Farzan Farnia, Amirali Aghazadeh, James Zou et al.

Robust training methods against perturbations to the input data have received great attention in the machine learning literature. A standard approach in this direction is adversarial training which learns a model using adversarially-perturbed training samples. However, adversarial training performs suboptimally against perturbations structured across samples such as universal and group-sparse shifts that are commonly present in biological data such as gene expression levels of different tissues. In this work, we seek to close this optimality gap and introduce Group-Structured Adversarial Training (GSAT) which learns a model robust to perturbations structured across samples. We formulate GSAT as a non-convex concave minimax optimization problem which minimizes a group-structured optimal transport cost. Specifically, we focus on the applications of GSAT for group-sparse and rank-constrained perturbations modeled using group and nuclear norm penalties. In order to solve GSAT's non-smooth optimization problem in those cases, we propose a new minimax optimization algorithm called GDADMM by combining Gradient Descent Ascent (GDA) and Alternating Direction Method of Multipliers (ADMM). We present several applications of the GSAT framework to gain robustness against structured perturbations for image recognition and computational biology datasets.

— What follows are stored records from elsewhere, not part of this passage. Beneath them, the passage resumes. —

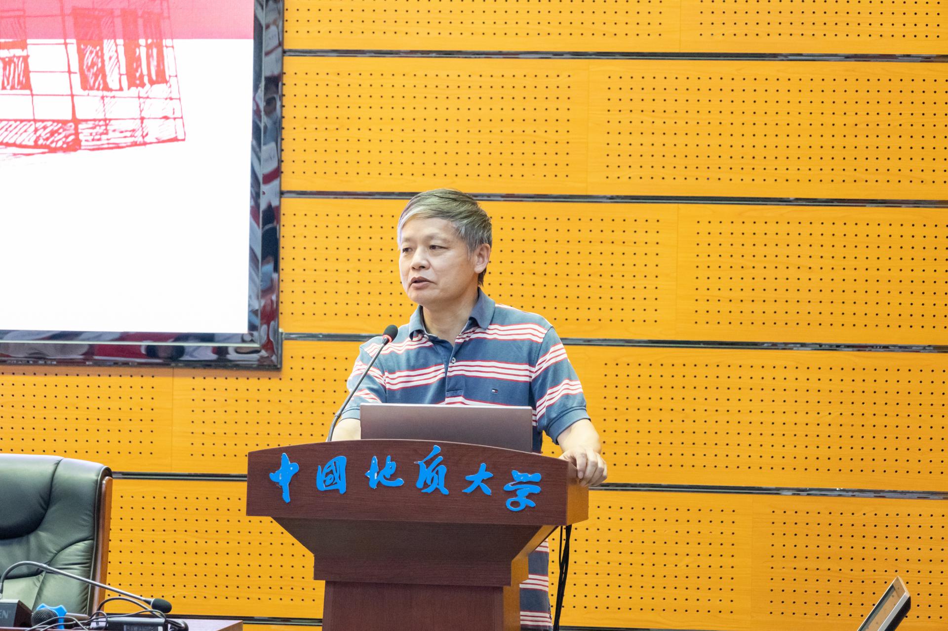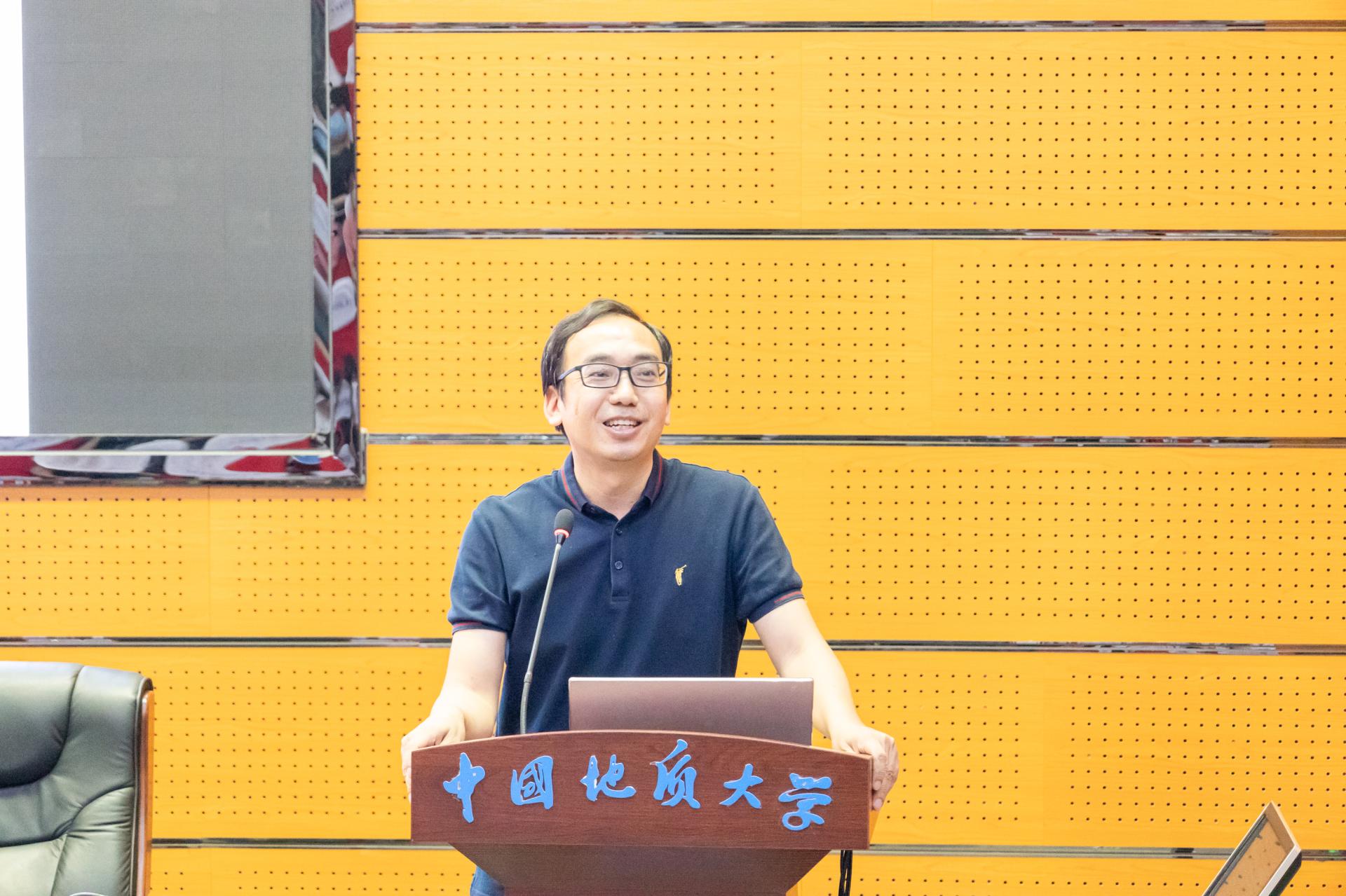导师代表、石油地质系梅廉夫教授发言。他讲述了现代大地构造学说的发展历程,即从大陆漂移学说理论的提出到被攻击、发现海底扩张新证据、确立板块构造学说地位的艰难过程;亲切勉励同学们在科学研究的道路上,既要仰望星空,更要知行合一,专注、自律、苦练,努力为科学创新贡献自己的力量。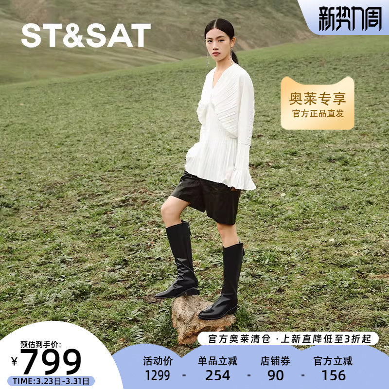 星期六时装长筒靴新款优雅简约潮流皮面增高女鞋SSC4117519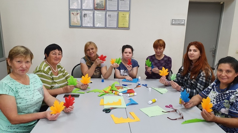 Хезмәт буенча инструктор оригами техникасын кулланып кәгазьдән өрәңге яфракларын ясау тәртибен аңлатты һәм күрсәтте. Социаль хезмәт алучылар үзара аралашып, җылы атмосферада рухи байлык алып, артстудия бүлмәсен бизәү өчен төрле төстәге өрәңге яфраклары ясадылар. Үз куллары белән ясалган төрле төстәге өрәнге яфраклары һәм оригами техникасы буенча оештырылган шөгыль катнашучыларның кәефләрен яхшыртырга һәм күңел күтәренкелеген тоярга ярдәм итте.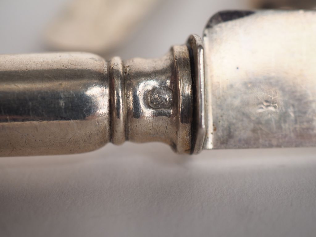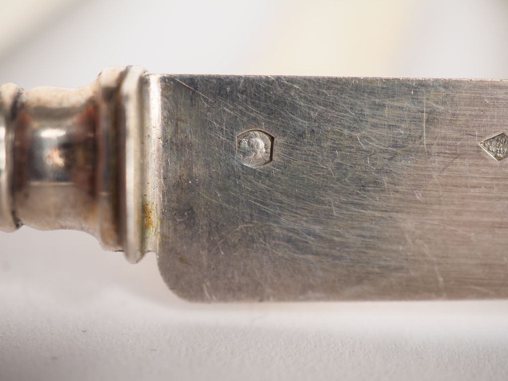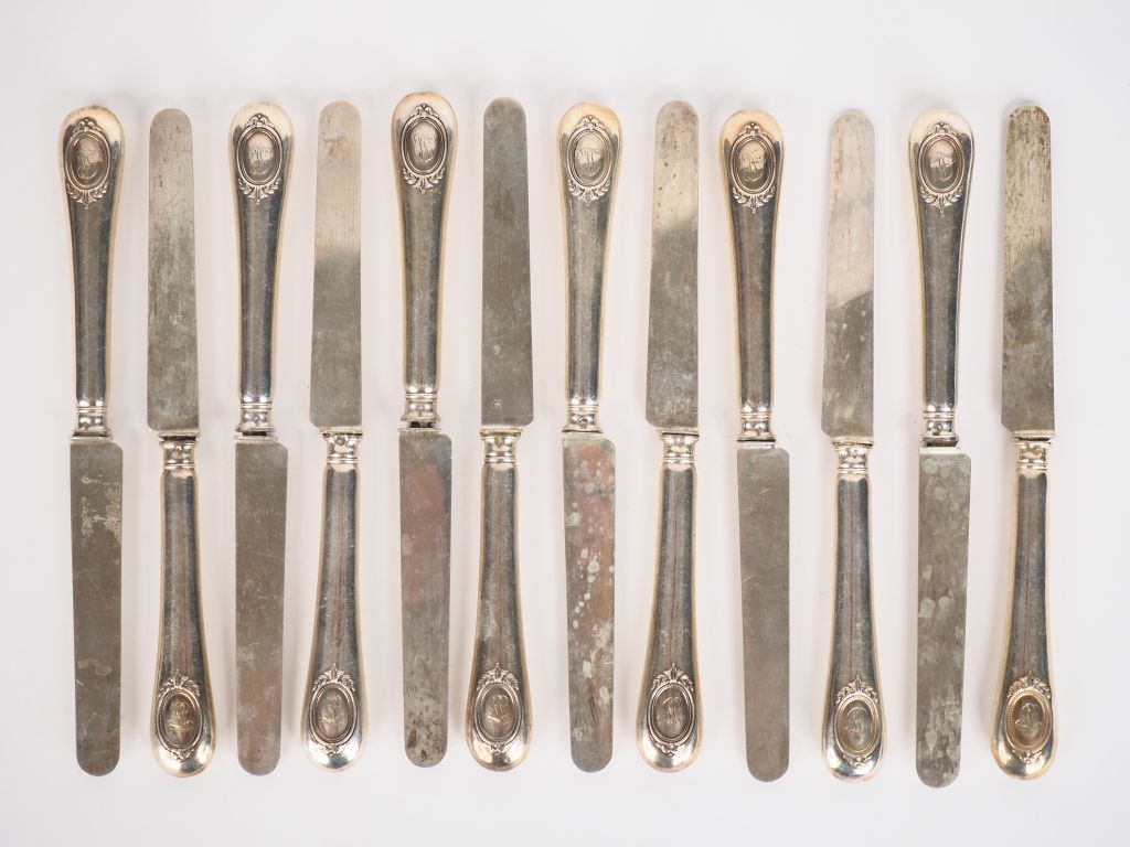 Suite de douze couteaux à fruits de style Louis XVI, lame argent poinçon Minerve. Manche argent fourré, à décor de cartouche monogrammé. Poids tel. 510 g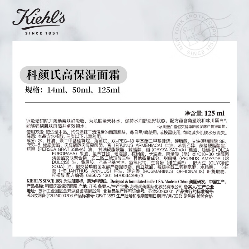 科颜氏(Kiehl's)全新第三代高保湿面霜125ml秋冬补水保湿滋润护肤品 生日礼物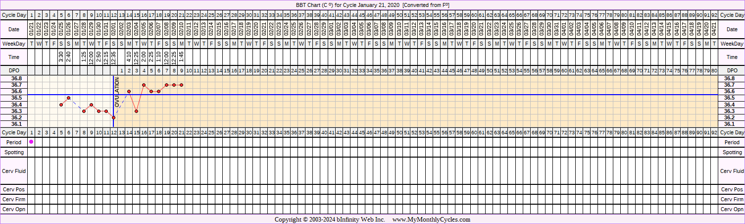 Disclaimer: You are viewing a chart shared by a MyMonthlyCycles member. All data on this chart, including ovulation date, if shown, has been entered by this member. MyMonthlyCycles has not interpreted this chart.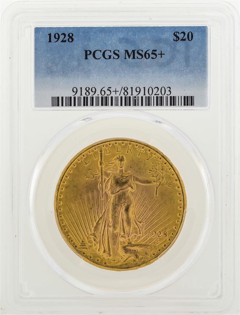 One 1928 $20 St. Gaudens Double Eagle Gold Coin PCGS MS65+. PCGS Graded.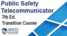 This course is designed as a transition for certification for students from APCO's Career Instructor Program who are now employed at a public safety emergency communications center (ECC). APCO’s PST1 course covers the basics skills, knowledge, and abilities every successful public safety telecommunicator needs to meet the demands of this critical work. Students successfully passing the final quiz in this course will receive APCO Institute certification demonstrating completion of a training course that meets and exceeds industry accepted national basic training standards, including the APCO/ANS 3.103.2.2015 and NFPA 1061 2014 Edition.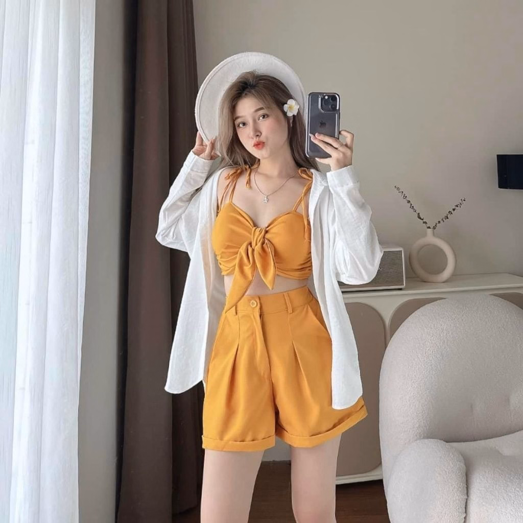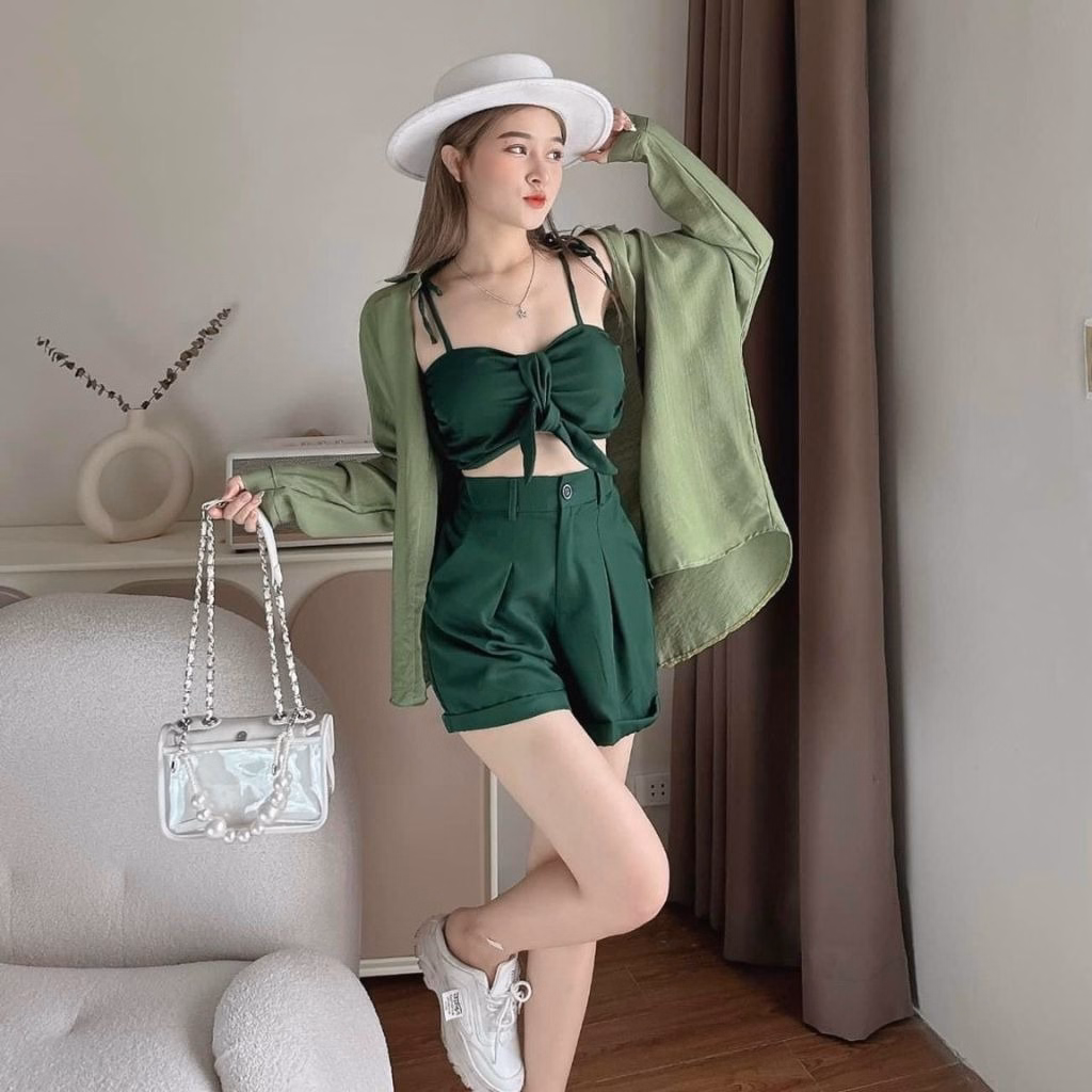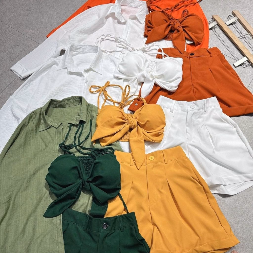 Tên sản phẩm: Set 3 Món Đi Biển Áo Sơ Mi Kèm Áo Croptop Kèm Quần Short M715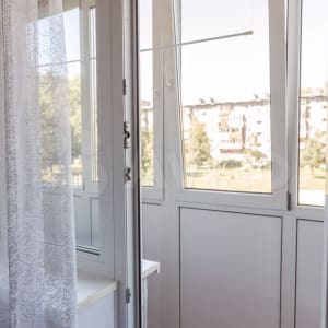 Балкон с видом во двор. Во дворе детская площадка. уютный двор,тихие соседи,парковка под окном.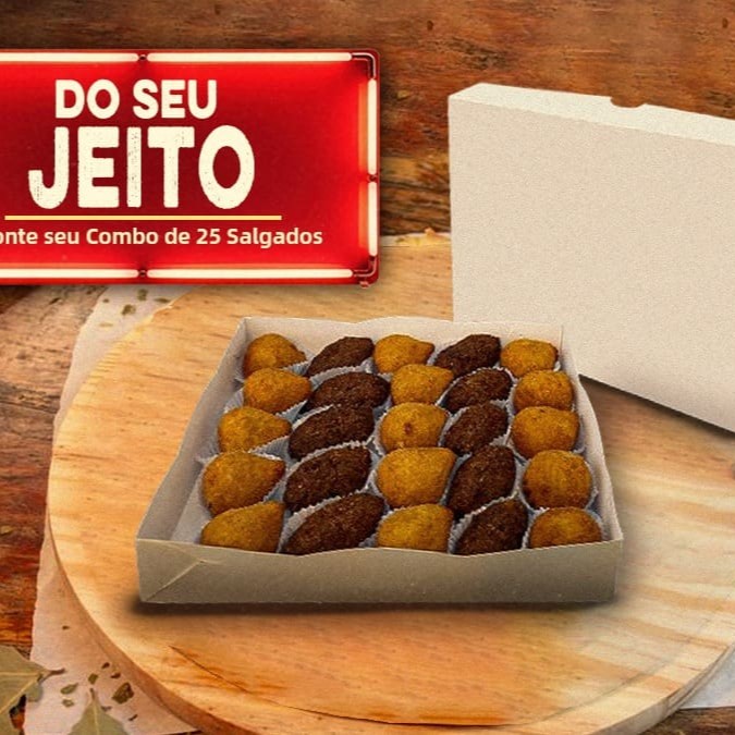 Monte seu combo 25 salgados deliciosos!! ( escolha os seus salgados ) Não vai perder de pedir essa maravilha né? ( Os salgados são de 18g a 20g e vai dois sache de maionese, dois sache de ketchup e dois sache de mostarda )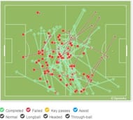The Englishman has a clear edge in forward attacking play over the German and the Frenchman. He has completed almost twice as many passes and most of them have been forward passes.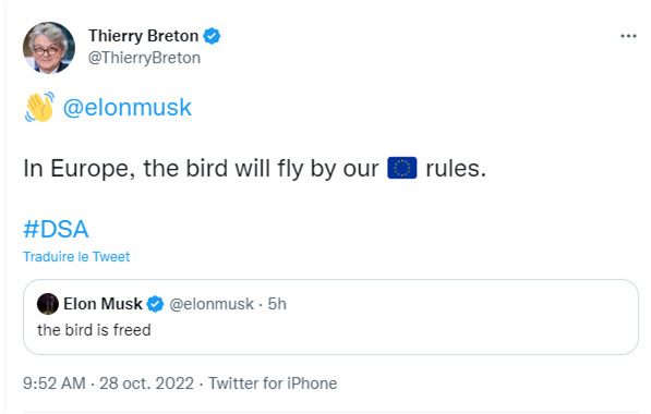 C’est un rôle qui semble inspirer Thierry Breton, notre commissaire européen au Marché intérieur. A peine Elon Musk a-t-il acheté Twitter et tweeté « The bird is free » (« L’oiseau est libre ») que Thierry Breton a réagi avec circonspection : « In Europe, the bird will fly by our rules » (« En Europe, l’oiseau volera selon nos règles »). Une mise en garde digne d’un commissaire politique.

Amirali Aghazadeh, Vipul Gupta, Alex DeWeese et al.

We consider feature selection for applications in machine learning where the dimensionality of the data is so large that it exceeds the working memory of the (local) computing machine. Unfortunately, current large-scale sketching algorithms show poor memory-accuracy trade-off due to the irreversible collision and accumulation of the stochastic gradient noise in the sketched domain. Here, we develop a second-order ultra-high dimensional feature selection algorithm, called BEAR, which avoids the extra collisions by storing the second-order gradients in the celebrated Broyden-Fletcher-Goldfarb-Shannon (BFGS) algorithm in Count Sketch, a sublinear memory data structure from the streaming literature. Experiments on real-world data sets demonstrate that BEAR requires up to three orders of magnitude less memory space to achieve the same classification accuracy compared to the first-order sketching algorithms. Theoretical analysis proves convergence of BEAR with rate O(1/t) in t iterations of the sketched algorithm. Our algorithm reveals an unexplored advantage of second-order optimization for memory-constrained sketching of models trained on ultra-high dimensional data sets.

Amirali Aghazadeh, Ryan Spring, Daniel LeJeune et al.

Feature selection is an important challenge in machine learning. It plays a crucial role in the explainability of machine-driven decisions that are rapidly permeating throughout modern society. Unfortunately, the explosion in the size and dimensionality of real-world datasets poses a severe challenge to standard feature selection algorithms. Today, it is not uncommon for datasets to have billions of dimensions. At such scale, even storing the feature vector is impossible, causing most existing feature selection methods to fail. Workarounds like feature hashing, a standard approach to large-scale machine learning, helps with the computational feasibility, but at the cost of losing the interpretability of features. In this paper, we present MISSION, a novel framework for ultra large-scale feature selection that performs stochastic gradient descent while maintaining an efficient representation of the features in memory using a Count-Sketch data structure. MISSION retains the simplicity of feature hashing without sacrificing the interpretability of the features while using only O(log^2(p)) working memory. We demonstrate that MISSION accurately and efficiently performs feature selection on real-world, large-scale datasets with billions of dimensions.